The bacterium *Mycobacterium tuberculosis* (Mtb), the etiologic agent of tuberculosis (TB), is a global health problem that infects one-third of the world’s population (1). In 2014, 9.6 million people fell ill with TB, and 1.5 million died. Worldwide, TB ranks with HIV/AIDS as one of the greatest killers caused by a single infectious agent, and it is a major cause of mortality in HIV-positive people, accounting for one-quarter of all HIV-related deaths (1). The current standard of care for TB recommended by the World Health Organization is a multidrug regimen lasting 6–8 mo. This lengthy treatment is complicated by toxicities and poor compliance, which in turn, leads to drug resistance and disease relapse. The rise of multidrug-resistant TB further complicates treatment, requiring even longer regimens with second- and third-line drugs that are often more expensive, less effective, and/or more toxic (2, 3). More effective regimens that allow a shorter course of treatment would greatly facilitate monitoring and compliance and counter the emergence of drug resistance (4).
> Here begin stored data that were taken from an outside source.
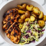 - Assemble Bowls: Arrange sliced grilled chicken on one side of the serving bowl, roasted potatoes on the other side, and fill the remaining space with the dressed veggie slaw.
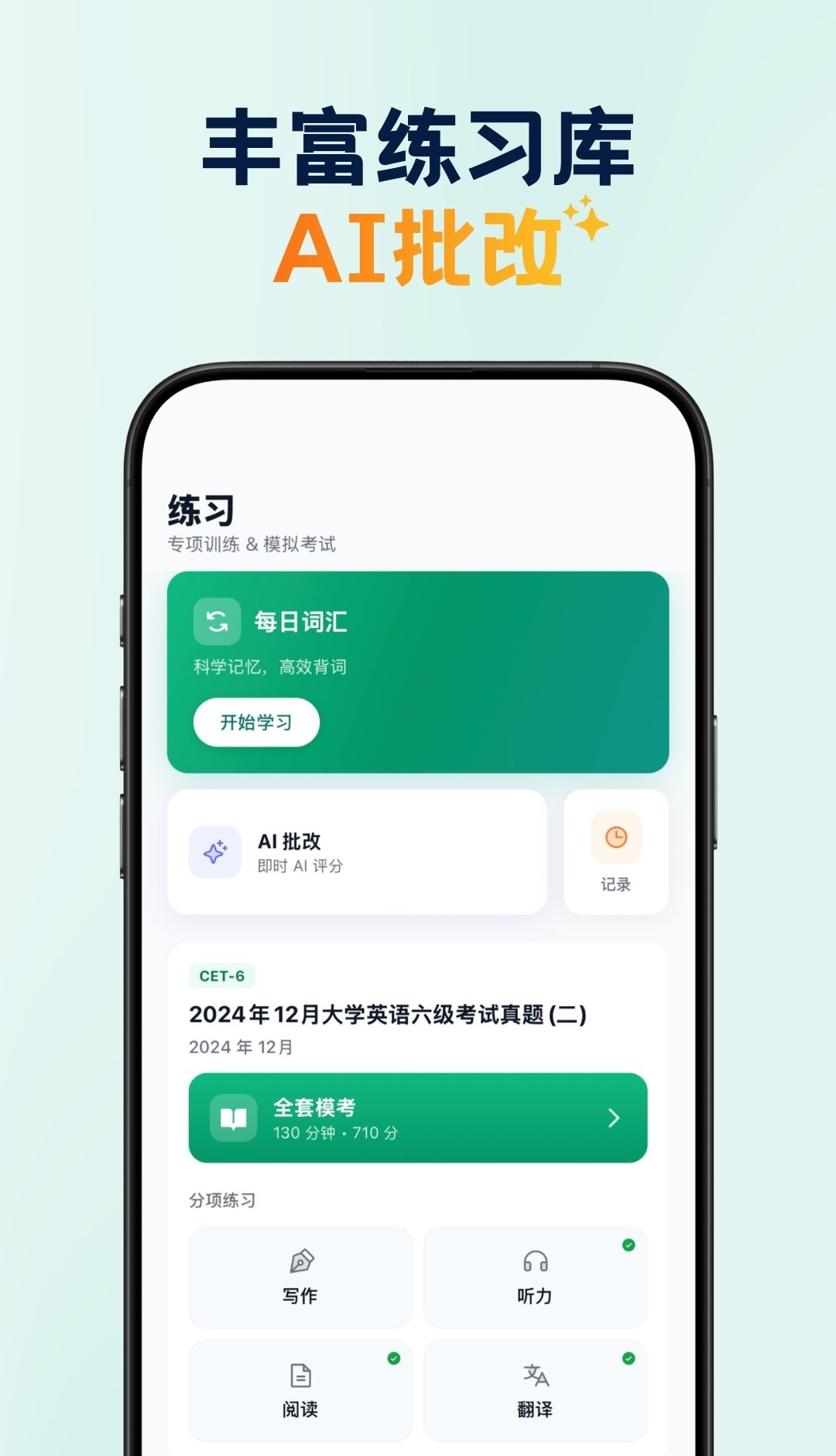 鹦鹉智学是一款专为大学生设计的英语四六级备考软件。通过该软件,学生可以准备大学英语四级和六级考试,让他们学习词汇,语法,听力,阅读理解和写作表达。这样可以提高他们的英语学习效果,帮助他们提高四六级成绩;最新版本的鹦鹉智能学习拥有智能 AI 分析模式,自动分析整理你的英语问题。结合考试时间,为你组织最适合的学习计划,让你每天通过软件完成学习任务,练习更多真实的考试资源,让你的四六级备考更加高效。有需要的用户现在就可以下载,以后你参加四六级考试会更轻松,帮助考生通过考试!
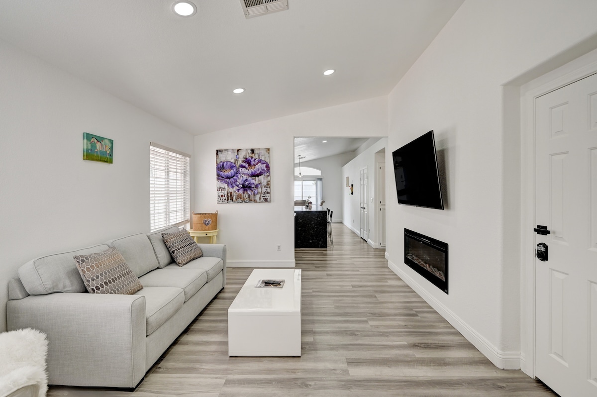 Family-friendly Vegas escape just 15 mins from The Strip, Downtown, Fremont, Arts District, Convention Center & Speedway—with quick freeway access! Enjoy a solar-heated pool (summer), spa, BBQ grill, outdoor dining, 3 full bathrooms!, and a beautifully landscaped yard. Inside: open layout with great light, tinted glass, EV charger, board games, smart TVs, and lots of space. Close to Red Rock, Mt. Charleston, parks, shopping & dining. Relax and have fun—you’ll love it here!
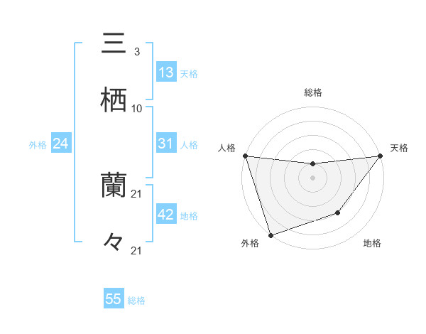 三栖 蘭々さんの天格は13画の5点!
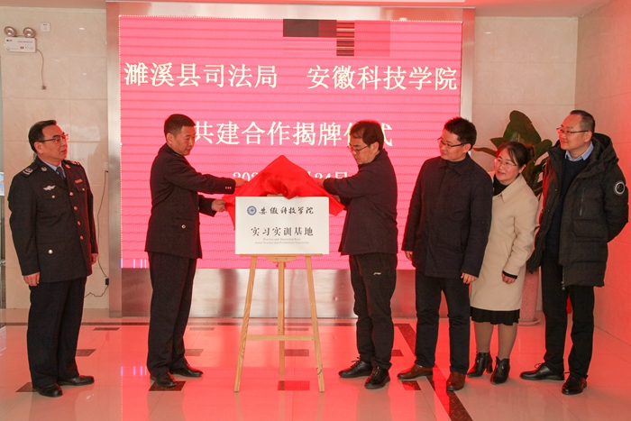 签约仪式最后,马跃和李晓东分别代表政校双方签订共建合作协议,并共同为“安徽科技学院实习实训基地”揭牌。(特约通讯员:高晓宁 摄影:王迪 审核:牛永辉)

The current standard regimen for treatment of TB has evolved through a gradual stepwise process over several decades rather than by a systematic combinatorial analysis of a wide range of potential drug combinations. The first effective TB drug, streptomycin (STR), was introduced in 1944, but used as monotherapy, resistance to it developed readily. Combination therapy with additional drugs, such as isoniazid (INH), *para*-aminosalicylic acid (PAS), and ethambutol (EMB), reduced the problem of drug resistance, but lengthy treatments of 18–24 mo were required. In the 1970s, the addition of rifampicin (RIF) to the regimen of STR, INH, and EMB allowed a shortening of treatment to 9–12 mo. In the 1980s, it was found that replacing STR with pyrazinamide (PZA) yielded more rapid sterilization, allowing a shortening of treatment to 6–8 mo (5). Although a significant focus of current TB treatment research is the development of new TB drugs (4, 6), major hurdles are the identification and optimization of drug combinations and dosing regimens using the arsenal of known TB drugs. Such optimization holds promise for additional reductions in duration of treatment.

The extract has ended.